The present invention contemplates an automated settlement method and system that offers two different settlement processes. The two options can be called: (1) the Confidential Offer Program; and (2) the Split and Settle option. Under either option, one party, such as the party receiving money, initiates the automated settlement system for the specific dispute by opening an account on an internet website. That party must agree to a contract regarding this automated settlement process that is displayed on the secure website. This contract becomes binding upon acceptance of the same contract by the other party. When the account is opened, the initial party, or Offeror, enters an offer amount under either or both of the two settlement processes.

The website serves as a web shell for the underlying software that processes and maintains the requested account and administers the automated settlement process, including the automatic generation of e-mail notices to the parties. The settlement account is created by the first party to register, and the software automatically sends an e-mail notification to the other party that a settlement account has been opened and that an offer to settle the dispute has been made. The other party must then register on the website for the settlement process to commence. As mentioned above, this registration by the other party, or Offeree, requires acceptance of the automated settlement contract. The system can establish a predetermined time frame in which registration by the Offeree must be completed, for instance fifteen days from the e-mail notice. A second reminder notice can be sent, but a failure to register by the other party will result in the account being automatically closed. A failure to register can be taken as a signal that the other party is unwilling to participate in an automated settlement process; however, the initiating party can re-open the account if he/she believes that the failure to register was unintentional.

One of the settlement options that can be used is the Confidential Offer Program which provides a method for helping two parties negotiate an agreement as to how much money one party (the Payor) will pay to the other party (the Payee). The money payment can be related to any type of account, transaction or circumstance, such as a disputed debt, conflict over costs of goods or services or money damages for a sustained injury by the payee. The principal feature underlying the Confidential Offer Program is the ability of each party to tender any offer through a secure, confidential internet account. Neither party learns of the amount of the other party's offers unless and until the disclosure condition arises. When this disclosure condition is met, the latest offer of each party is disclosed to the other party. The contract executed by both parties will make the disclosed settlement offers binding upon both parties.

In accordance with the present invention, the disclosure condition for the Confidential Offer Program is determined according to a Proximity Test. In the preferred embodiment of the invention, the Proximity Test is initially applied to the Offeror's opening offer. In a first form, the Proximity Test determines whether the Offeree's responsive offer is within a specified dollar amount, or within a specified percentage, of the Offeror's opening offer. This dollar amount or percentage can be pre-selected by the party initiating the Confidential Offer Program (the Offeror).

By way of example, assume that the automated negotiations commence with the Offeror/Payee's (or plaintiff in a litigation context) initial demand of $100,000 and that the offeror sets the Proximity Test value at $20,000. If the responding party (the Offeree/Payor or defendant) makes an offer of $85,000, the disclosure condition is met at that amount because the offers are within the Proximity Test established by the Offeror.
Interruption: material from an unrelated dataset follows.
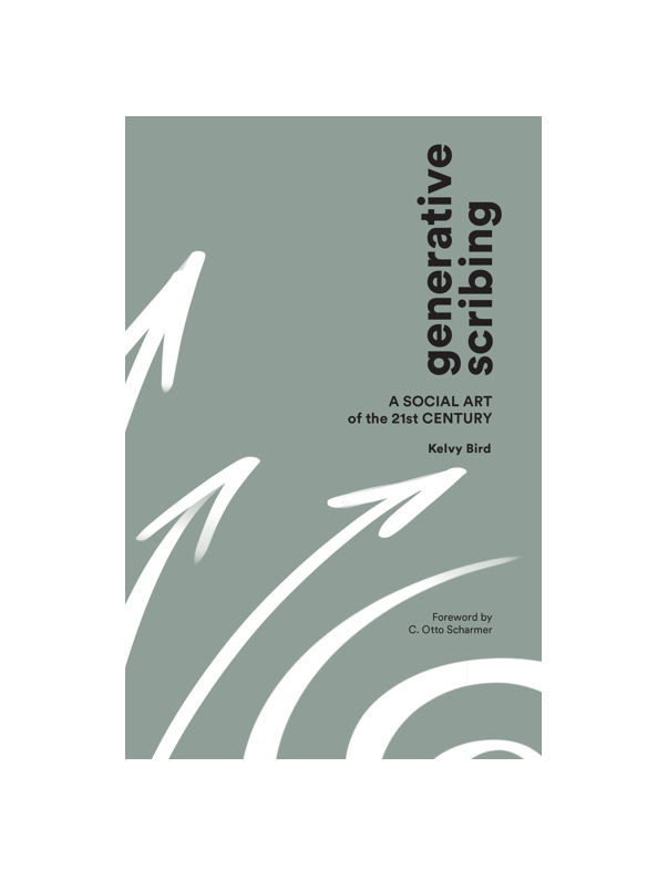 "Scribing—visually representing ideas while people talk—is a distinct social art form that facilitates group learning and cultural memory. Scribes listen and draw simultaneously, creating large pictures that integrate content, prompt insight, and aid with decision-making. “Generative scribing” extends this art by attending to the field of energy and relation between people, and to the emerging potential of a system” – Kelvy Bird (from the introduction). This book frames the key concepts that inform and cultivate a scribe’s inner capacities of being, joining, perceiving, knowing, and drawing. It is for scribes, facilitators, coaches, and organizers, and for anyone who cares about how we exist together as humans. It’s for those who want to explore their interior functioning, to approach the world anew.

The same result can be obtained if the Proximity Test is a specified percentage. For instance, if the Proximity Test value is 70%, then disclosure condition will be reached if the responding party (Payor) offers an amount of $70,000 or more.

A second disclosure condition for the Confidential Offer Program can be established using the Payor's (or defendant's) offer, rather than the Offeree/plaintiff's demand as the offer to which the Proximity Test is applied. In this instance, the disclosure condition will be met when a proposed demand by the Payee/plaintiff is less than or equal to the defendant's initiating offer plus a specified dollar amount, or less than or equal to specified multiple of the defendant's proposed offer.

It should be understood that the Proximity Test from the Payor's point of view is the analog of the Payee's Proximity Test. Regardless of which is used, the Proximity Test provides a measure of how close the offers must be before the offers will be disclosed.

With any of the above Proximity Tests, once a responsive offer triggers the disclosure condition, the offers are disclosed. If the offers happen to be identical, settlement is reached and the negotiation is over. More often, however, the two offers will differ (although they are still within the Proximity Test applied by the automated settlement system). In accordance with the preferred embodiment of the invention, the binding offers are disclosed to both parties and the parties must then confer to decide how to deal with the difference. The parties could agree to split the difference (using the “split and settle” feature) or one party may agree to accept the binding offer made by the other party.

The objective of the automated settlement system in this case is to bring the parties together at a point where settlement appears virtually assured. In this case, the principal benefit of this system is that it relieves the parties of the fears associated with the negotiation process that were discussed above. The present system thus serves as a vehicle for the parties to have an impartial “virtual third party” accept and analyze the offer and counter-offer to determine whether settlement is a real possibility. Obviously, if a counter-offer is outside the Proximity Test relative to the initial offer, the parties are not in a meaningful settlement “mood”. The present system does not moralize or place blame, nor does it disclose confidential offers unless and until a meeting of the minds is signified (by the occurrence of a disclosure condition). At a minimum, the present system provides a mechanism for the parties to “test the water” by presenting their respective offers in a confidential way. If the disclosure conditions are not met (i.e., if the Proximity Test failed) then the parties know that they are far apart on their settlement positions.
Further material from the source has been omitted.